Guillaume Vuilletet (Renaissance) "Il faut encadrer l'IA par le droit d'auteur avant que de mauvaises pratiques ne s'installent"

Guillaume Vuilletet, député Renaissance, est l'auteur principal d'une proposition de loi qui vise notamment à soumettre l'utilisation d'œuvres protégées dans des systèmes d'IA à rémunération.

JDN. Quels sont les objectifs de la proposition de loi "visant à encadrer l'intelligence artificielle par le droit d'auteur" ?

Guillaume Vuilletet. Il y a deux aspects à considérer. Le premier est de reconnaître que la rémunération pour la création doit revenir à l'auteur de l'image, du texte ou de la musique.

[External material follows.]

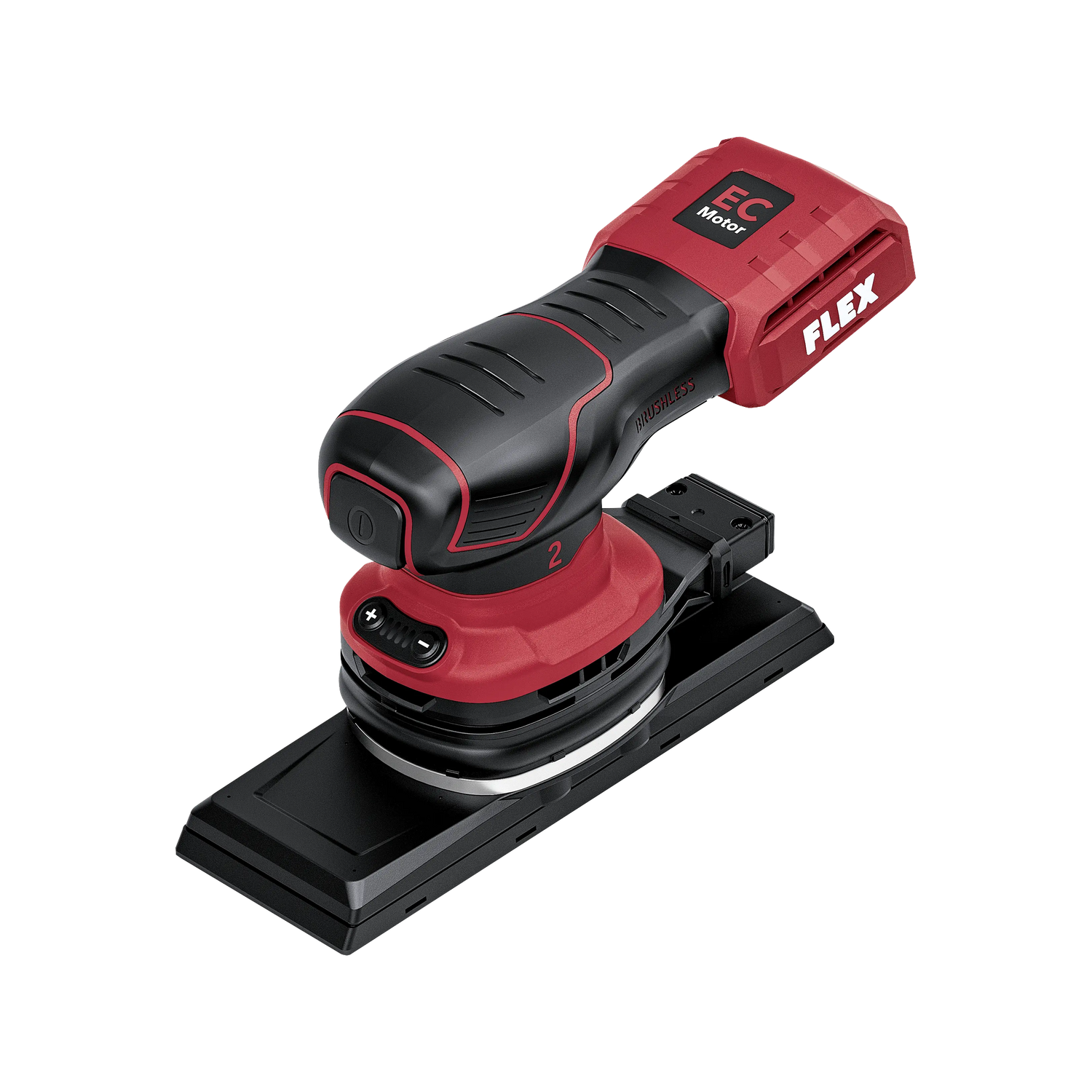 The brushless motor of the OSE 2-70x198 18-EC is particularly important in a cordless device because it minimizes battery consumption: a brushless motor is more efficient than a brushed drive and converts more of the stored battery energy into sanding power instead of losing it as heat due to friction. In practice, this means longer runtime per battery charge, less heat generation on the device and battery, and higher constant power even with decreasing battery level. The power drop of a brushless motor is significantly lower with a declining battery level than with conventional drives.

En d'autres termes, au créateur lui-même, et non à celui qui utilise simplement l'intelligence artificielle pour traiter les données. L'idée est qu'on devrait, à terme, être en mesure d'assurer facilement la traçabilité de l'œuvre. Pour donner une analogie quelque peu critique, on pourrait dire que si on prépare de la purée, on utilise bien un presse-purée, mais ce n'est pas le presse-purée qui est à l'origine, il ne fait rien par lui-même, ce n'est pas lui qui a fourni la pomme de terre, ni rien d'autre. L'IA est assez similaire à cet égard.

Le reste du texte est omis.